By Stephanie Simon, Los Angeles Times Staff Writer
January 7, 2008
SAN FRANCISCO -- Jason Baier talks often to the little boy he calls Jamie. He imagines this boy -- his son -- with blond hair and green eyes, chubby cheeks, a sweet smile.

But he'll never know for sure.

His fiancee's sister told him about the abortion after it was over. Baier remembers that he cried. The next weeks and months go black. He knows he drank far too much. He and his fiancee fought until they broke up. "I hated the world," he said.

Baier, 36, still longs for the child who might have been, with an intensity that bewilders him: "How can I miss something I never even held?"

These days, he channels the grief into activism in a burgeoning movement of "post-abortive men." Abortion is usually portrayed as a woman's issue: her body, her choice, her relief or her regret.
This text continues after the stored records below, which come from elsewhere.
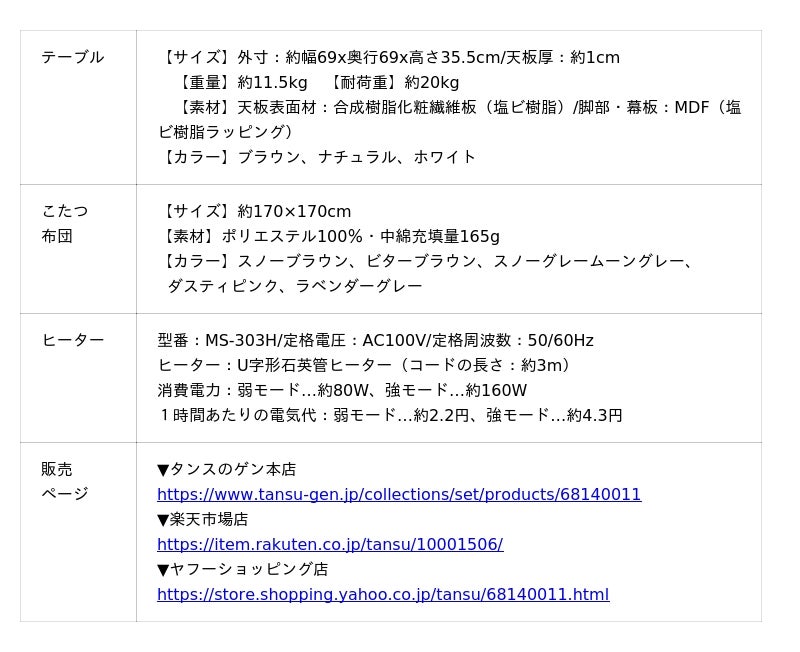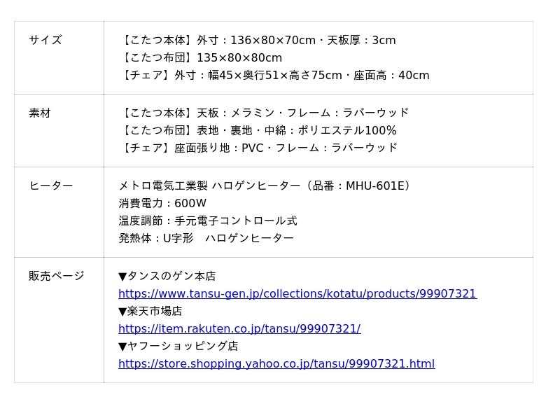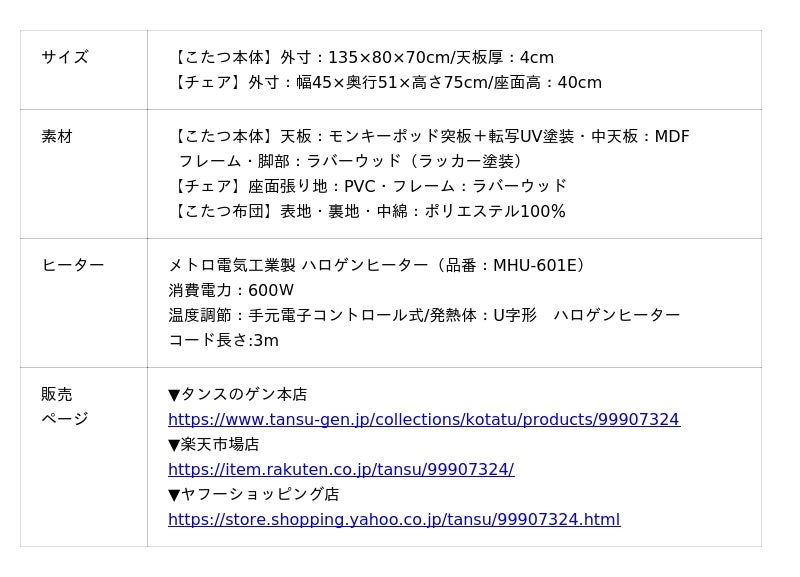本製品はテーブル・こたつ布団・チェアのセット販売になります。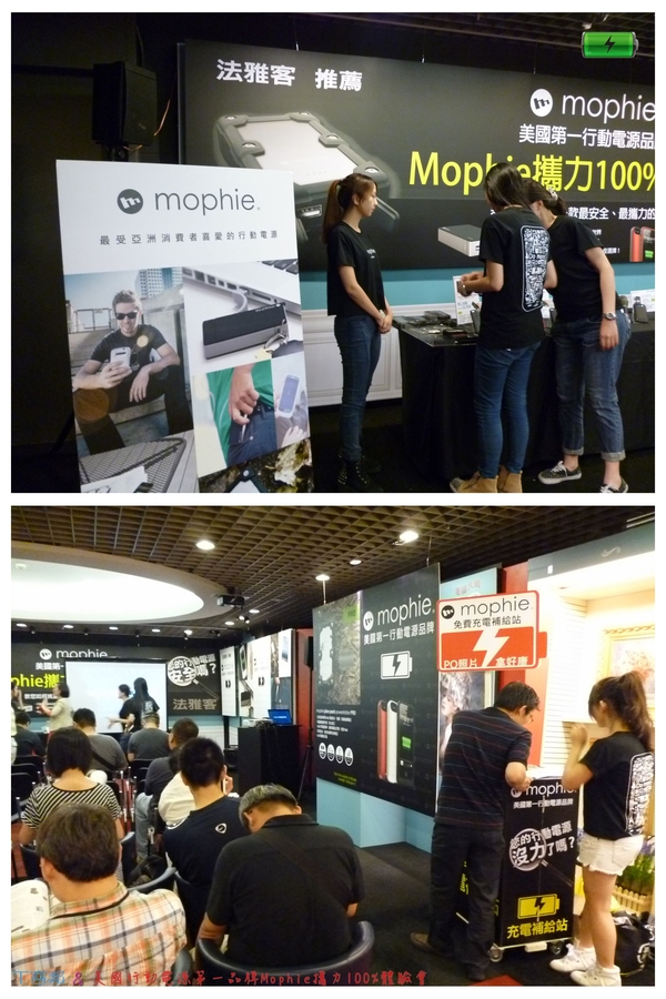 【▼】Mophie和T客邦的工作人員再作最後的確認,在此感謝他們對整個活動的流程掌握得宜;會場還有免費充電補給站,讓大家親眼見證什麼叫做快速充電。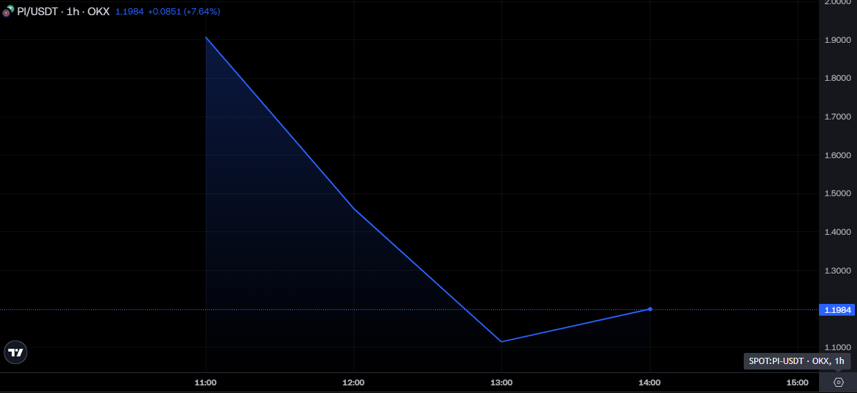 Pi Network’s PI Coin was trading for $1.1984, representing a 37% drop from its launch price.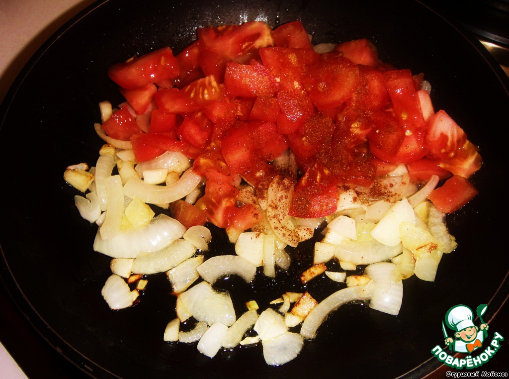 На растительном масле обжариваем вторую половинку луковицы, нарезанную относительно тонкими полукольцами, вместе с луком зажаривается и порубленный чеснок. Как только лук приобретёт желтоватый оттенок, мы добавляем мелко порезанный помидор без кожицы.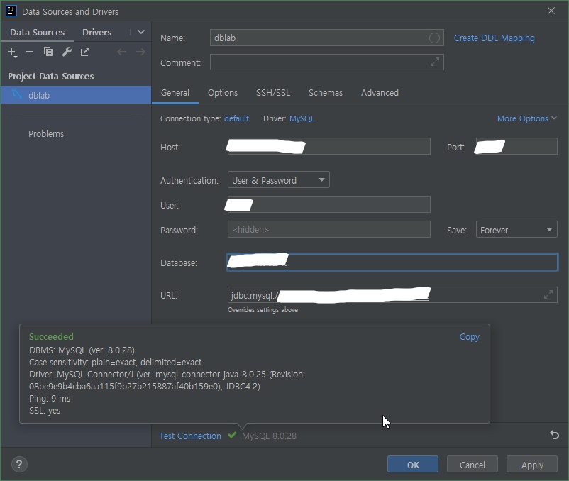 다음과 같이 필요한 데이터들을 입력시킨 후 테스트 커넥션을 누르면 연결 성공 시 다음과 같이 창이 뜰 것이다.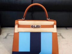 エルメスカラーブロックケリーバッグエルメスケリー28CMフレイムオレンジ、アンバーイエローとミッドナイトブルーシルバーバックル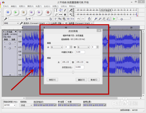 點擊改變音高對話框左下角的“預覽”,即可進入更改參數(shù)之后的音頻預覽,如下圖。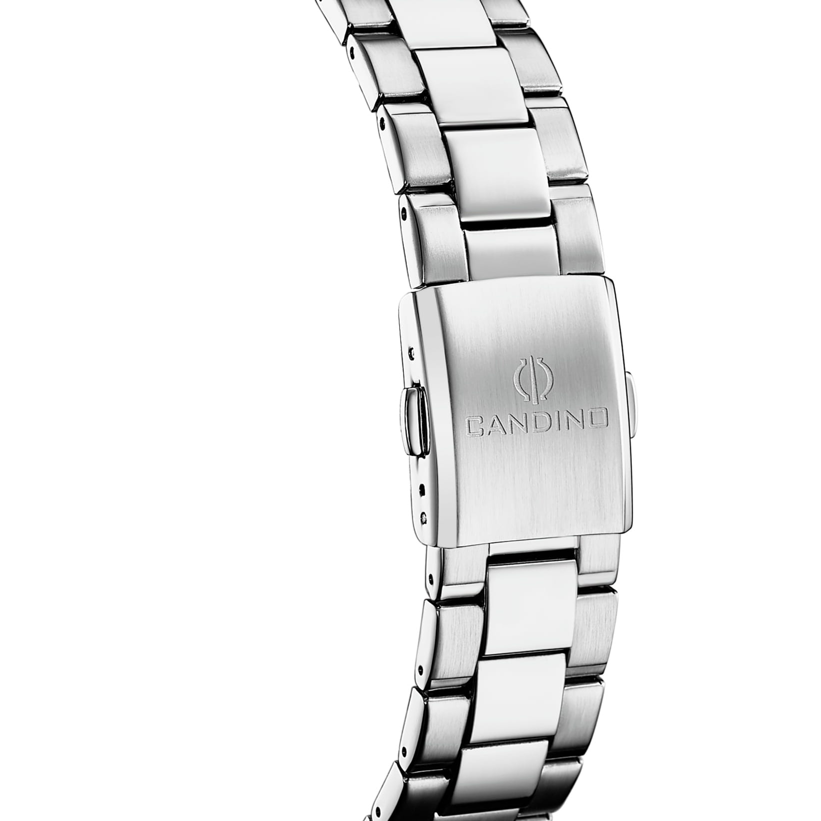 Мужские кварцевые часы Candino сочетают стильный дизайн и надёжность. Корпус выполнен из стали и защищён сапфировым стекломСапфировое стеклоПрочный и надёжный материал из кристалла сапфира синтетического происхождения, характеризующийся особой твёрдостью и устойчивостью к царапинам и повреждениям., устойчивым к царапинам. Циферблат чёрного цвета оформлен метками, стрелки покрыты люминесцентным покрытиемЛюминесцентное покрытиеПозволяет считывать показания времени в темноте. Производители наносят на стрелки, часовые индексы, безель или поверхность циферблата светонакопительный состав, дающий холодное свечение., что обеспечивает хорошую читаемость в темноте. Часы отображают часы, минуты, секунды и дату. Браслет стальной, фиксируется на раскладной застёжкеРаскладная застёжкаТакой тип застёжки используется только на браслетах из металла. Она никогда не раскрывается полностью, происходит разделение на 2 и более частей. Раскладывающая застёжка снизит вероятность потери часов к минимуму.. Водонепроницаемость составляет 100 WR, что позволяет использовать часы для плавания, ныряния и других водных видов спорта.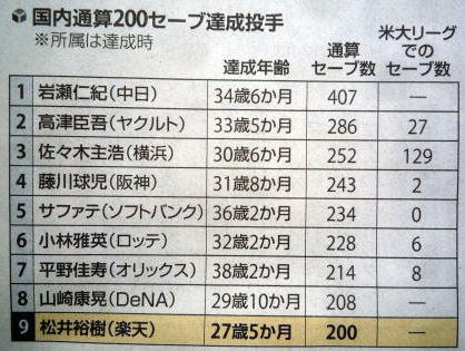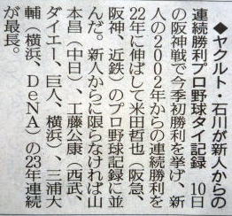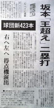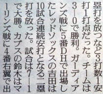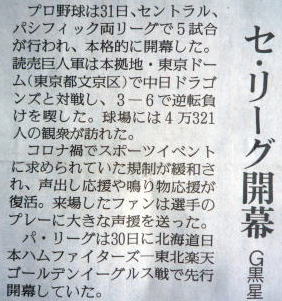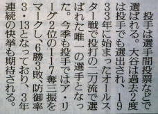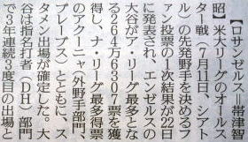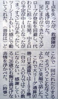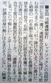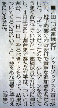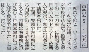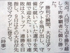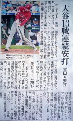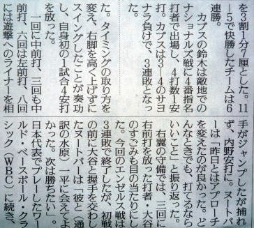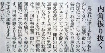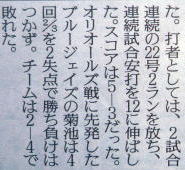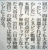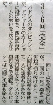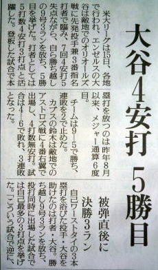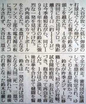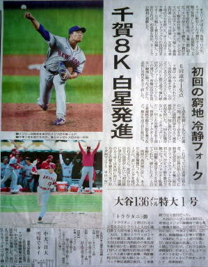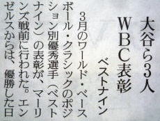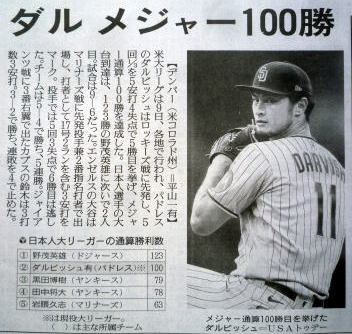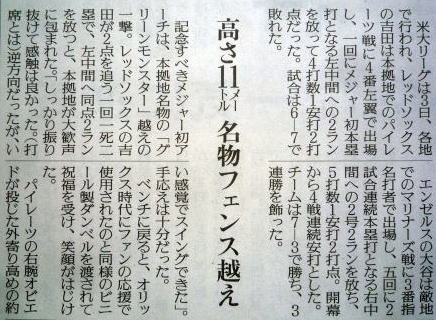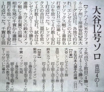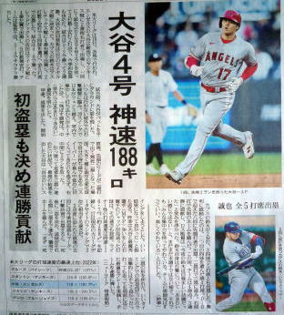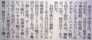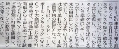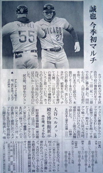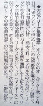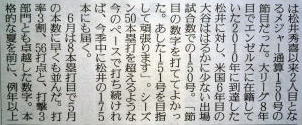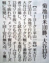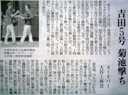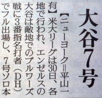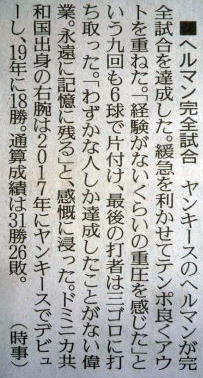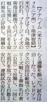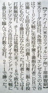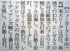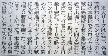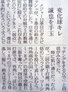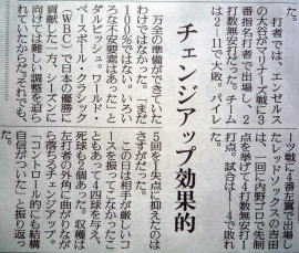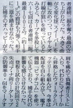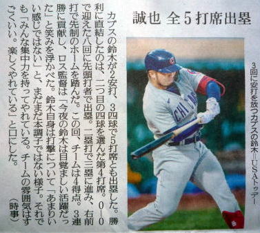 メジャーリーグ新聞記事。

This new movement -- both political and deeply personal in nature -- contends that the pronoun is all wrong.

"We had abortions," said Mark B. Morrow, a Christian counselor. "I've had abortions."

Morrow spoke to more than 150 antiabortion activists gathered recently in San Francisco for what was billed as the first national conference on men and abortion. Participants -- mostly counselors and clergy -- heard two days of lectures on topics such as "Medicating the Pain of Lost Fatherhood" and "Forgiveness Therapy With Post-Abortion Men."

The most striking session featured the halting testimony of men whose partners aborted. Baier, who now lives in Phoenix, told the crowd he suffered years of depression and addiction. "I couldn't get the thought out of my head about what I had lost."

Since the concept of post-abortion syndrome first emerged in the early 1980s, some women have recounted similar stories -- and learned to leverage them into political power. They speak at legislative hearings and rallies organized by the Silent No More Awareness Campaign. They write affidavits detailing their years of emotional turmoil, which the Justice Foundation, a conservative advocacy group, submits to lawmakers and courts nationwide.

Last spring, the Supreme Court cited these accounts as one reason to ban the late-term procedure that opponents call "partial-birth" abortion. The majority opinion suggested that the ban would protect women from a decision they might later regret.

Women's testimony was also used to justify a sweeping abortion ban passed in 2006 in South Dakota. (Voters overturned the ban before it could take effect.)

"It's a rule of thumb that if you want to get a law passed, you have to tell anecdotes that grab people," said Dr. Nada Stotland, president-elect of the American Psychiatric Assn. Antiabortion activists have done that well, she said. "They've succeeded in convincing a lot of the American public" that abortion leaves women wounded.

Now, those activists see an opportunity to dramatically expand the message.

The Justice Foundation recently began soliciting affidavits from men; one online link promises, "Your story will help legal efforts to end abortion." Silent No More encourages men to testify at rallies.

Therapist Vincent M. Rue, who helped develop the concept of post-abortion trauma, runs an online study that asks men to check off symptoms (such as irritability, insomnia and impotence) that they feel they have suffered as a result of an abortion. When men are widely recognized as victims, Rue said, "that will change society."

Abortion rights supporters watch this latest mobilization warily: If anecdotes from grieving women can move the Supreme Court, what will testimony about men's pain accomplish?

"They can potentially shift the entire debate," said Marjorie Signer of the Religious Coalition for Reproductive Choice, an interfaith group that supports abortion rights.

The concept of post-abortion trauma is hotly disputed. Several studies published in peer-reviewed medical journals suggest that women who have had abortions are more prone to depression or drug abuse. But the research does not prove cause and effect, Stotland said.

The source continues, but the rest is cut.